Thank you once again for your insightful review. We appreciate your feedback on our work. Please let us know if you have any further questions, and we are happy to discuss further.

评论

Dear Reviewer y5n5,

Thank you again for your detailed comments and constructive suggestions. We will incorporate all of them into the final version of our submission. We hope our response can help address your concerns. As the discussion period is closing, please let us know if you have any further questions. We would be happy to discuss them further with you.

Best,

Authors

审稿意见
8

The authors introduce a novel approach to instruction fine-tuning large language models (LLMs) for ranking and answer generation tasks. Their approach involves two main steps:

  1. Supervised Fine-Tuning: Initially, the LLM is fine-tuned on a general instruction-following dataset.
  2. Ranking Task Fine-Tuning: The LLM is then further fine-tuned using a mix of different instruction ranking datasets that contains multiple ranking-oriented tasks.

Incorporating ranking-based data during fine-tuning enhances the LLM's ability to rank documents retrieved through retrieval-augmented generation (RAG). The fine-tuned LLM is then used to rank the RAG-retrieved documents, and only the top-k ranked documents are added in the context.
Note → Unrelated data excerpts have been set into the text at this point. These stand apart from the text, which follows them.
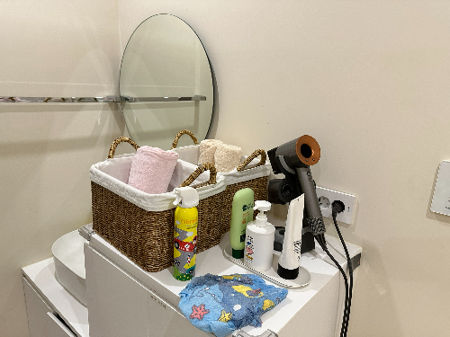 아이들을 위한 로션, 목욕가운뿐만 아니라 방수기저귀, 드라이기들이 다 구비되어 있어 좋아요.
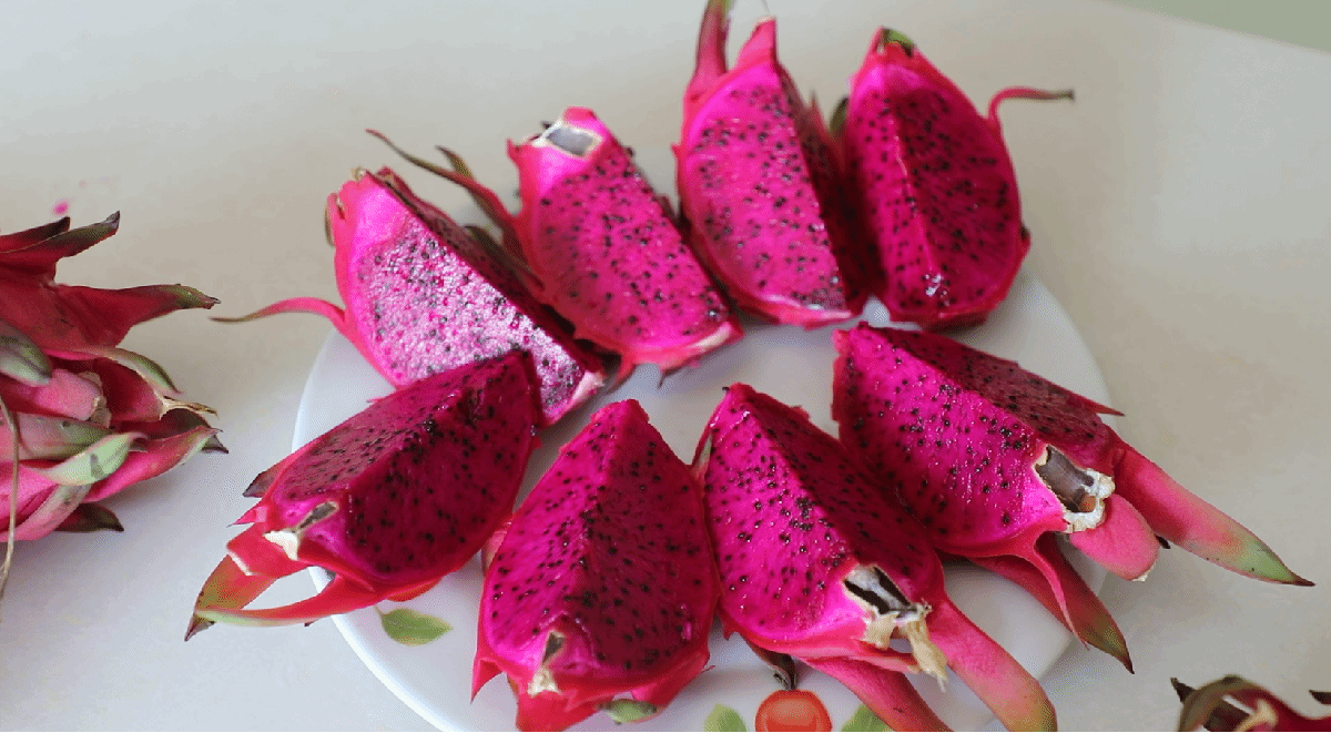 据果园管理员介绍,如今果园里种的这个火龙果叫京都一号,它甜美多汁,富含丰富的花青素,口感上带有一股草莓冰淇淋的味道。
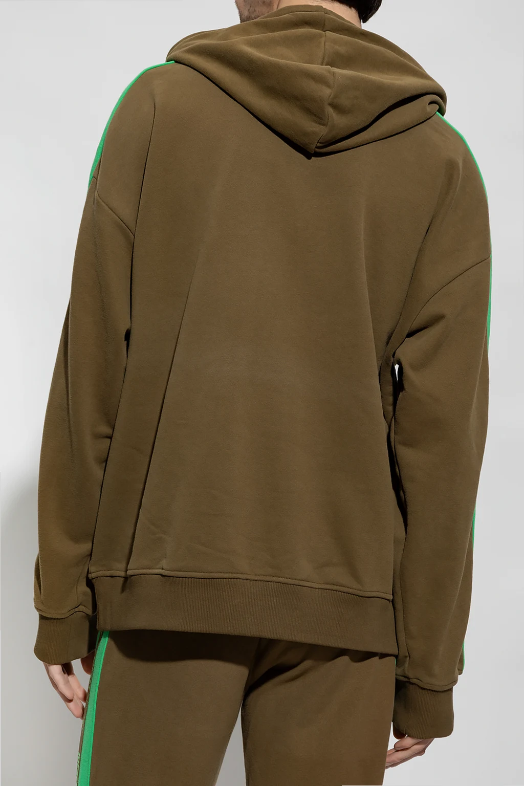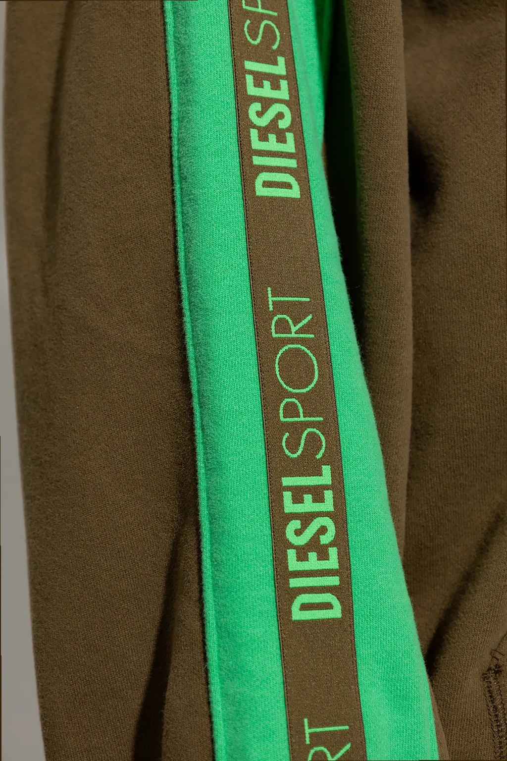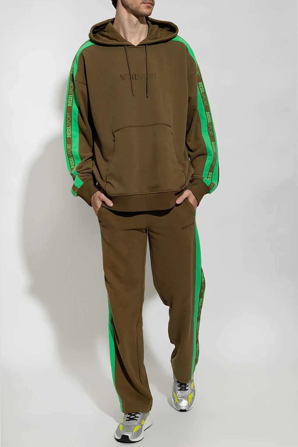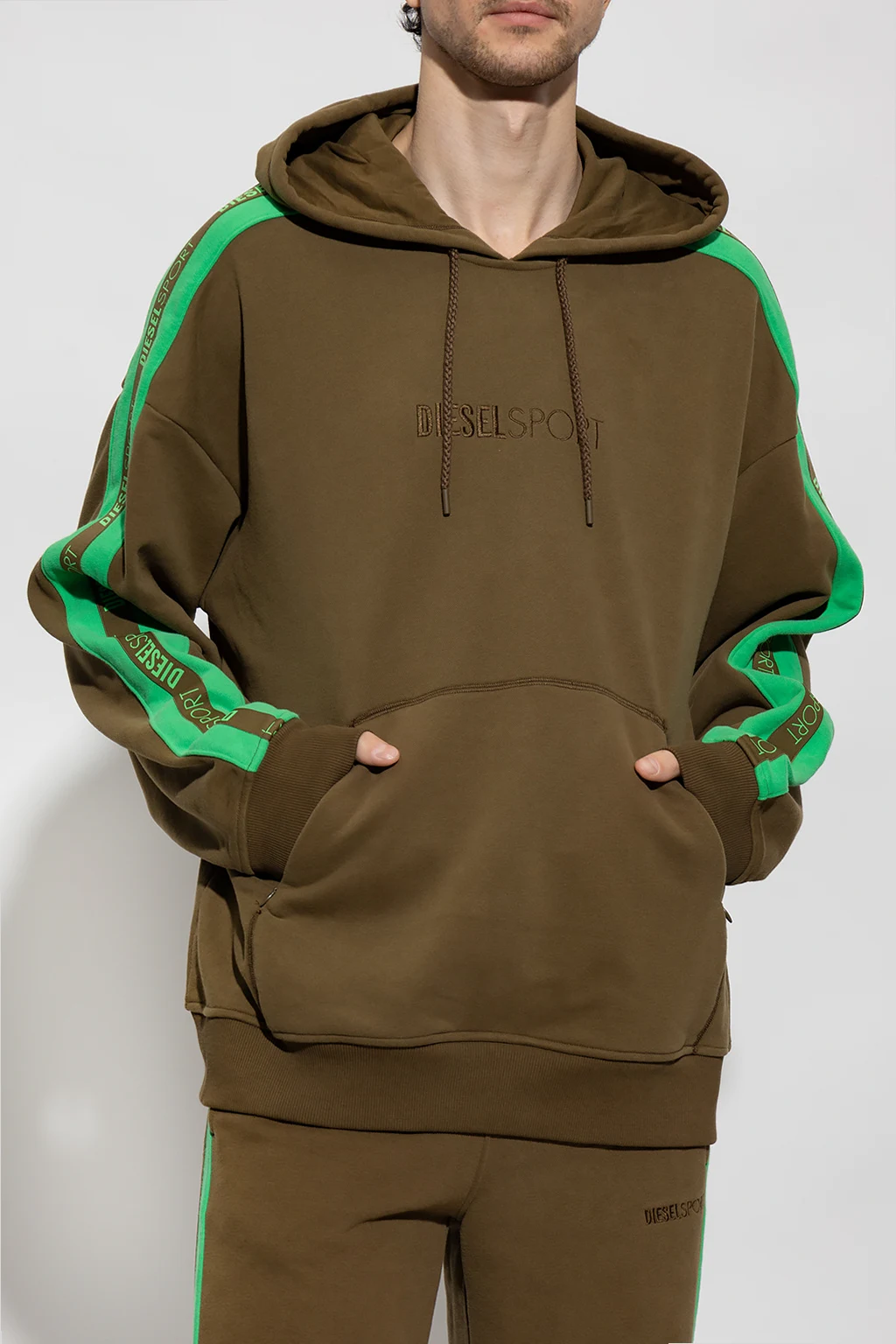 Dark brown and green 'AMST-BOWE-HT32' sweatshirt with a drawcord-adjustable hood from Diesel, the ‘DIESEL SPORT’ collection. Enriched by branded tapes on the long sleeves, this style features an embroidered logo on the front, a zip pocket, and elasticized trims on the bottom hem and cuffs.

The authors demonstrate that their method significantly improves the LLM's performance for knowledge intensive RAG based tasks.

优点

  1. The authors introduce a novel method of fine-tuning LLMs for combined ranking and answer generation tasks.
  2. The proposed method outperforms existing approaches on RAG benchmarks, especially on challenging datasets where RAG retrieval is suboptimal, due to the LLM-based re-ranking.
  3. Their model exceeds the performance of re-ranking models trained on much larger datasets.
  4. The fine-tuned LLM demonstrates strong generalization capabilities, showcased by its performance on medical benchmarks.
  5. The paper is well-written and includes exhaustive experiments.

缺点

  1. Scoring each document individually increases the latency significantly. Have you considered scoring multiple documents simultaneously? Similar to retrieval-augmented ranking dataset, you could input a group of documents and score them in a single pass. The group size could be tunable, balancing performance drop against latency improvement.
  2. It would be helpful to include examples where RankRAG fails, particularly in cases where relevant documents are not ranked higher. Providing these examples can help understand scenarios where it might not perform optimally.

问题

N/A

局限性

The authors have acknowledged the limitations, specifically in terms of latency and its lack of training on code or mathematical data.

作者回复

Many thanks for your comments and feedback. We discuss your raised points in the following.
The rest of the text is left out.